===== RAW DATA =====
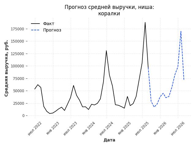 - Прогноз средней выручки в нише на следующие 12 месяцев: 58625 руб./месяц
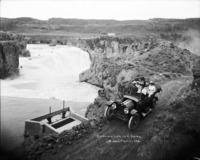 793 "Enjoying Life in a Buick;" People in an automobile, looking down at Shoshone Falls from the north side, with the Shoshone Falls Hotel and other outbuildings across the river.
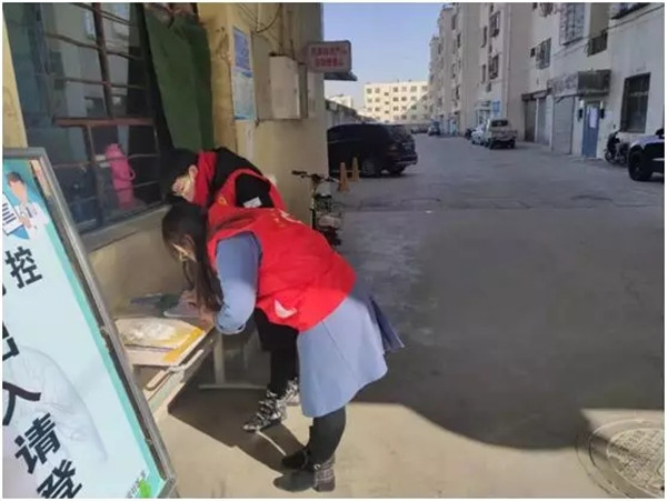 志愿者协助社区宣传防疫知识
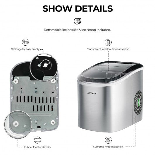 2.2 L Portable Ice Cube Maker with Bullet Shaped Ice Cube-Silver Gray
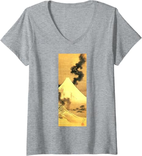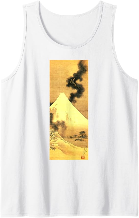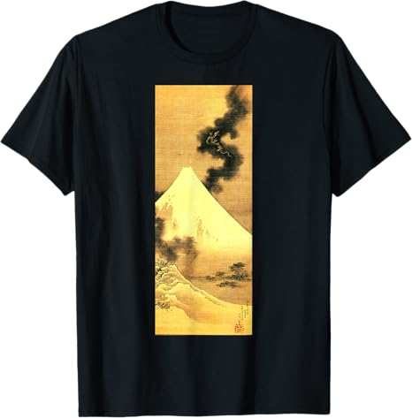 • Description: A dragon emerges from the thick black smoke circling Mount Fuji. The smoke and the dragon are one and the same, the smoke being the path through which the dragon has traveled to escape. In contrast, Mount Fuji stands pristinely white, covered in snow. Mountains in the foreground and a small puff of trees indicate the extent of the size of the mountain, which is unaffected by the escape of the dragon.
=====
* _AIM OF THE TASK_:
Your answer should set down the listing verbatim and leave out its images.

* _RESULT_:
 - Прогноз средней выручки в нише на следующие 12 месяцев: 58625 руб./месяц
 793 "Enjoying Life in a Buick;" People in an automobile, looking down at Shoshone Falls from the north side, with the Shoshone Falls Hotel and other outbuildings across the river.
 志愿者协助社区宣传防疫知识
 2.2 L Portable Ice Cube Maker with Bullet Shaped Ice Cube-Silver Gray
 • Description: A dragon emerges from the thick black smoke circling Mount Fuji. The smoke and the dragon are one and the same, the smoke being the path through which the dragon has traveled to escape. In contrast, Mount Fuji stands pristinely white, covered in snow. Mountains in the foreground and a small puff of trees indicate the extent of the size of the mountain, which is unaffected by the escape of the dragon.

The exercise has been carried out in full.